The 1945 defeats were partially the result of an alliance between the Liberals and the communist Labor–Progressive Party (LPP). The LPP focused in on CCF-held seats, deliberately splitting the vote, and declared a "Liberal–Labour" coalition on May 29, 1944. They declared open warfare on the CCF in 1944, with spokesman John Weir stating in the LPP's Canadian Tribune newspaper that "a resounding defeat of the CCF at the polls must be [their] the main objective."

The Canadian Congress of Labour (CCL) supported the CCF, but the Trades and Labour Congress (TLC) refused to provide official endorsement. This lack of unity between the two main Canadian umbrella labour organizations hurt the CCF, and was part of the Liberal–Communist alliance: TLC president Percey Berough was a Liberal, and vice-president Pat Sullivan was a Communist.

In the Ontario provincial election, the communists urged trade union members to vote for the right-wing Conservative George Drew rather than the CCF.

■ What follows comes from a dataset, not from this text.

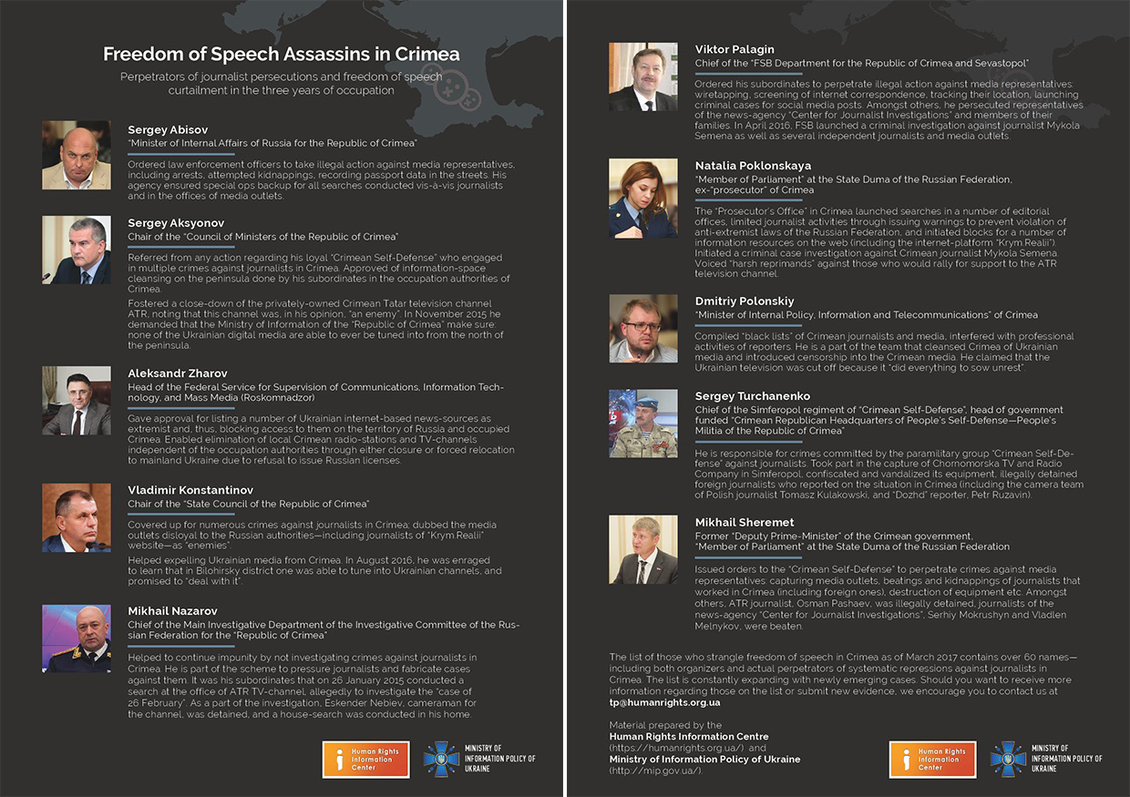 According to the Human Rights Information Centre, 10 persons bear the biggest brunt of responsibility for cracking down on the freedom of speech and expression of opinion in Crimea. These include Sergey Abisov, “Minister of internal affairs of Russia for the Republic of Crimea”;Sergey Aksyonov, Chair of the “Council of Ministers of the Republic of Crimea”; Aleksandr Zharov, Head of the Federal Service for Supervision of Communications, Information Technology, and Mass Media (Roskomnadzor); Vladimir Konstantinov, Chair of the “State Council of the Republic of Crimea”; Mikhail Nazarov, Chief of the Main Investigative Department of the Investigative Committee of the Russian Federation for the “Republic of Crimea”; Viktor Palagin, Chief of the “FSB Department for the Republic of Crimea and Sevastopol”;Natalia Poklonskaya, “Member of Parliament” at the State Duma of the Russian Federation, ex-“prosecutor” of Crimea; Dmitriy Polonskiy, “Minister of Internal Policy, Information and Telecommunications” of Crimea; Sergey Turchanenko, former Chief of the Simferopol regiment of “Crimean Self-Defence”, head of budget-sponsored institution “Crimean Republican Headquarters of People’s Self-Defence—People’s Militia of the Republic of Crimea”; Mikhail Sheremet, Former “Deputy Prime-Minister” of the Crimean government, “Member of Parliament” at the State Duma of the Russian Federation.

Lewis and Charles Millard, of the Canadian Congress of Labour, decided to purge organized labour's decision-making bodies of communists. Their first target was the Sudbury, Ontario, CCF riding association and its affiliated International Union of Mine, Mill, and Smelter Workers (Mine-Mill) Local 598. However, Local 598 was not under Communist control: out of 11,000 dues-paying members, fewer than 100 were communists. Over the next twenty years, a fierce and ultimately successful battle was waged by Millard's United Steel Workers of America (USW) to take over Local 598.

The attacks on the Sudbury CCF were even more costly, at least in terms of voter support. Sudbury's Bob Carlin was one of the few CCF Members of Provincial Parliament (MPPs) to survive the Drew government's 1945 landslide victory. Carlin had been part of Ted Jolliffe's team that had orchestrated the CCF's 1943 breakthrough, but was first and foremost a union man. He was a long-time labour organizer, going back to 1916 and the predecessor to the Mine-Mill: the Western Federation of Miners. Carlin was loyal to his union, in whose service he had spent ten years, and to the men and woman who helped build it, regardless of their political affiliation; this made him unpopular with the CCF establishment in both Toronto and Ottawa.

Millard, Jolliffe, and Lewis did not directly accuse Carlin of being a communist. Instead, they attacked him for not dealing with communists in Local 598, which was built by both communists and CCFers (with the latter firmly in control of the executive). Lewis and Jolliffe made the case to expel him from the Ontario CCF caucus at a Toronto special meeting of the CCF executive and the legislative caucus on April 13, 1948. In essence, Carlin became a casualty of Steel's plans to raid Mine-Mill. The CCF lost the seat in the 1948 Ontario election, placing fourth. The Conservatives won the seat, and Carlin, as an independent, finished a close second. It was not until the CCF became the New Democratic Party (NDP) and the Mine-Mill versus USW war was over, in 1967, that another social democrat – Elie Martel in Sudbury East – was elected to the Legislative Assembly of Ontario from the city.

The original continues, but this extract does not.